Let me tell you something. I would be the first to tell you that lately, my spiritual life has been seriously lacking. Every once in a while, I feel different. I actually feel like I can be that person I am supposed to be, as opposed to that snarky brat who complains about eeeverything. But, that is who I am most of the time. Anyways! One Sunday earlier this month, I was watching Emma Smith, My Story. I looooove that movie. It breaks my heart and builds my testimony of Joseph Smith Jr. all at the same time. Which, in turn, strengthens my testimony about the Church in general. While watching that movie, I just really REALLY wanted to go to Temple Square. There is something that is very special about the temple grounds. I know, I know. It is the Lord's house after all, but that feeling that you get when looking at the gardens and all of the people who love and believe the same way you do... Nothing beats that. Nothing.
That day, my visiting teacher had asked me to come to her class. I was thinking about it, but decided if she didn't text me that day to see if I was coming, then I wouldn't go. I still had plenty of time to get ready for church, but I didn't. Until she sent me the text to see if I was coming to church. I said if she promised not to pick me to answer questions, then I would go. She said no problem, and off to church I went. It was a lovely lesson, I enjoyed it immensely. It also made me want to go to the temple even more!
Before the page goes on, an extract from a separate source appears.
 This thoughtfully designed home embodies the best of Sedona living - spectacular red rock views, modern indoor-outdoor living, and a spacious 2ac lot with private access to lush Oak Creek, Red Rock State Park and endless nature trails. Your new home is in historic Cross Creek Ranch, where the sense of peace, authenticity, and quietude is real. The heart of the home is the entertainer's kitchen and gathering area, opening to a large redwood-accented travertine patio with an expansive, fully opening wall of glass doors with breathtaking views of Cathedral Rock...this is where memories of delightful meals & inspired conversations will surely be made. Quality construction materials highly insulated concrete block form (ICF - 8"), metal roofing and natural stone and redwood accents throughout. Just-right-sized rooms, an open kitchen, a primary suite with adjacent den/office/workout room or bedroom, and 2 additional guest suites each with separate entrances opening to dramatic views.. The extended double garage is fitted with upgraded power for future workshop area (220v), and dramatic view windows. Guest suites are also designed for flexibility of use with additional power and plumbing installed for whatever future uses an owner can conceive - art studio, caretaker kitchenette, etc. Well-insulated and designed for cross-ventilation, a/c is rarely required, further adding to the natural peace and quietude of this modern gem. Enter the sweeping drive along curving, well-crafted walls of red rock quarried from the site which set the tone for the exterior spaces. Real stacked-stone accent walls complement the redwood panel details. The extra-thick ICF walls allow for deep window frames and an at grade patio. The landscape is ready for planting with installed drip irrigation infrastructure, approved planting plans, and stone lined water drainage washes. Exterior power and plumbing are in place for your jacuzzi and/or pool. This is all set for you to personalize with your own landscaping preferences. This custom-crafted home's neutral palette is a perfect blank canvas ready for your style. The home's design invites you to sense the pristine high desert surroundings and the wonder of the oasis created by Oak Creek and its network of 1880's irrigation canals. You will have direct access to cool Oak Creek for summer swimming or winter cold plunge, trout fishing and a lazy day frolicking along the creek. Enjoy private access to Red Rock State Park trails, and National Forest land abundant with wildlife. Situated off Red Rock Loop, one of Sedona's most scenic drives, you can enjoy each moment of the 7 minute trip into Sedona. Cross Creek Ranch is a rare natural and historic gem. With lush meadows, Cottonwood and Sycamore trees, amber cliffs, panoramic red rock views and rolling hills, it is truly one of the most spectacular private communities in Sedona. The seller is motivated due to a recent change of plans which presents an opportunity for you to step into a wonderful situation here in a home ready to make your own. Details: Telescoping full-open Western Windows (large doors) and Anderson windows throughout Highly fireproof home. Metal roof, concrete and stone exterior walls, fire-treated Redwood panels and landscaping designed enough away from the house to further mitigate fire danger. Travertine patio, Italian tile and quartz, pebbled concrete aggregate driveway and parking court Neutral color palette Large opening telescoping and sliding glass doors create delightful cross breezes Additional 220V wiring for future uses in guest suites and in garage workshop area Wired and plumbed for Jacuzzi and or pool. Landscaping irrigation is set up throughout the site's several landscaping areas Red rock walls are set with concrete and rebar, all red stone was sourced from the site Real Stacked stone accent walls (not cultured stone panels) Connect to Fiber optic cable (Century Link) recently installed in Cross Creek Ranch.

Eventually, I got the guts to ask a friend of mine (hello Matt!) to take me. We doubled with his friend Cody and his sweet wife. ( Can I just say, I need more single friends. I am exhausted hanging out with all of my friends WITH their husbands. I love their husbands, but dang it! Let's not remind me how disgustingly single I am by hanging out with your husband.) We went up and wandered the grounds, looked at the lights and saw what there is to see. Man, I love that place. It's beautiful. The things is, when I watch these movies about the history of the church, with Joseph Smith Jr. and his wife Emma, I just want to live better. All of these amazing people who sacrificed so much because they believed in a man that much.. Wow.
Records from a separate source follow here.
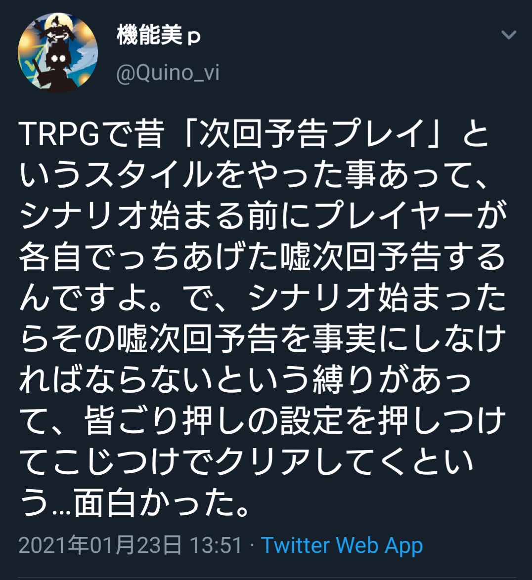 捏造ミステリーTRPG…初めて聞いたけど、中々面白そう。虚構推理みたいなことをできるのね。>>970
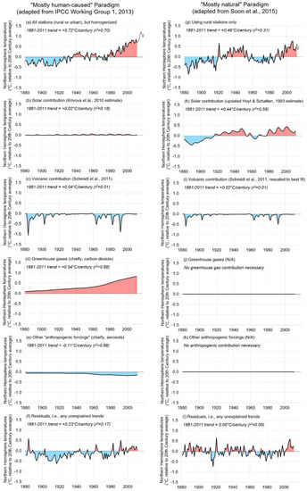 - Ring, M.J.; Lindner, D.; Cross, E.F.; Schlesinger, M.E. Causes of the Global Warming Observed since the 19th Century. Atmos. Clim. Sci. 2012, 2, 401. [Google Scholar] [CrossRef]
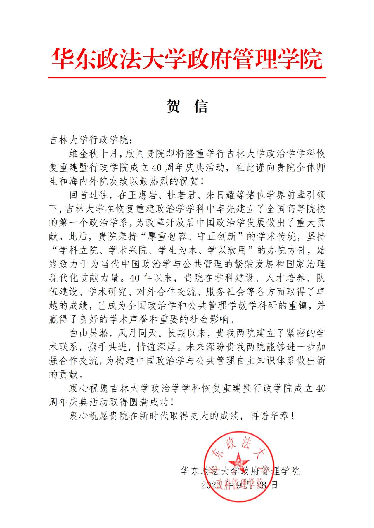 华东政法大学政府管理公司的贺信
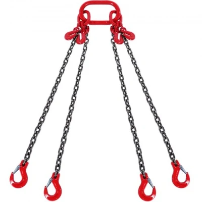 VEVOR Chain Sling, 1/4 inch x 5 ft Lifting Chains with Hooks, G80 Engine Chain Hoist Lifts, 6600 lbs/3 Ton Lifting Sling Chains for Engine Hoist, Engine Lift Chain with 4 Leg Grab Hooks and AdjustersG80 ChainCritical CoatingAdjustable HookWide ApplicationsDesigned with You in MindSecure Hook DesignSingle Chain Length: 5 ft/150 cm,Item Model Number: DL6mmx1.5m-4A,Product Weight: 18.08 lbs/8.2 kg,Max Secure Load: 6600 lbs/2993 kg,Chain Diameter: 1/4" (6 mm),Overall Strength Grade: G80
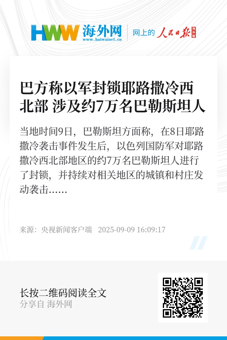 9日,以色列国防部长卡茨表示,他已下令对8日在耶路撒冷实施枪击的两名袭击者的亲属及其村庄的居民实施“民事制裁”,制裁包括拆除“村庄里的任何非法建筑”,并吊销750份进入以色列的工作和入境许可证。(总台记者 周宣)

I just love that there are people like that in the world. Of course, they are much harder to find now. Even if you are in the church. In fact, now days there are more selfish, backstabbing, holier-than-thou people then anywhere else. That is so sad. I don't blame the church at all of course. I do blame the people and their pride. They are forgetting what our church was based on. That is such a shame. I love my church and even if I don't always act like I should, I do care.
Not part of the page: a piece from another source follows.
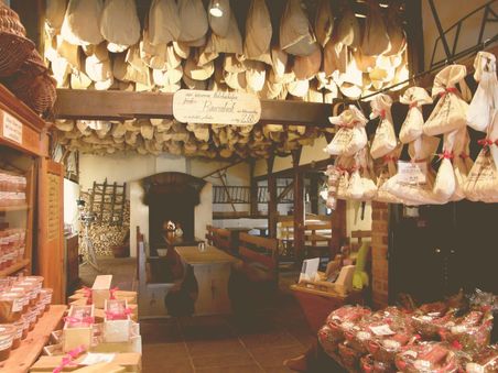 Die Schlachterei und Schinkenräucherei Petersen & Söhne ist ein historisches Juwel in Malente, das seit über 200 Jahren besteht. In der charakteristischen Räucherkate auf der Bahnhofstraße wird eine Vielzahl von Holsteiner Fleisch- und Wurstwaren angeboten, die nach traditionellen Rezepten gewürzt und geräuchert werden. Der sogenannte "Schinkenhimmel" ist ein besonderes Highlight, unter dem Besucher eine rustikale Mahlzeit vor dem Kamin genießen können. Neben Fleisch- und Wurstwaren bietet das Geschäft eine Vielzahl von hausgemachten Salaten, Aufschnitten und regionalen Spezialitäten wie Eierlikör und selbstgebackenes Bauernbrot. Bei gutem Wetter können die Köstlichkeiten im Freien genossen werden, wo Tische und Stühle vor der Schlachterei und Schinkenräucherei Petersen & Söhne bereitstehen. Ein weiteres Highlight sind die regelmäßig stattfindenden Kunsthandwerkermärkte, die in der stimmungsvollen Atmosphäre der Kate abgehalten werden. Die Räucherei selbst befindet sich in einer historischen Räucherkate aus dem Jahr 1788 in Timmdorf, wo der Holsteiner Katenschinken und die Katenrauchmettwürste noch auf traditionelle Weise geräuchert werden. Ein Besuch bei Petersen & Söhne ist ein authentisches Erlebnis, das einen Einblick in die regionale Handwerkskunst und Gastronomie bietet.

Long story short about that, I had a WONDERFUL time. It was beautiful and made my entire year worth it. It was all I wanted to do for the holidays. And I did.
My next story is about a sort of date I went on. I will call this one.. Sargent. It is probably not a correct title, but that is the one I pick, so deal with it! Anyways, Sargent worked with my mom, and works with my sister. He is very quirky and likes to laugh. I think that is lovely. However, he really likes teasing. It comes from a place of caring, I think. At least, that is what I said. What I don't find so lovely, is my unease about being able to have a serious conversation without including some sort of joke which makes me sound like an idiot. In a way of course, that he doesn't mean to. Anyways, we went to taco bell. I drove, he paid. It was fun, but didn't leave me with warm fuzzies. I don't even feel anything like that when I think back about it. That isn't promising. Anyways, I am an old fashioned girl. I like to be wooed. So, chances are, I won't text a guy first. I haven't texted him since, but he seems to think I hate him because I haven't. Grr. The only thing that has to do with is I am not typically needy. And, it might be mild disintrest. So that is that.
I think that is all I have for today! What we have learned, I loooove Temple Square, as well as my church! Also! I don't like smarmy church people. I come up with poor nicknames. And I like to be treated like a lady and will not stand for anything less anymore! HA!
As always, I love you guys! All five of you! It is a privilege to write for you! I promise to return soon! Sooner that last time!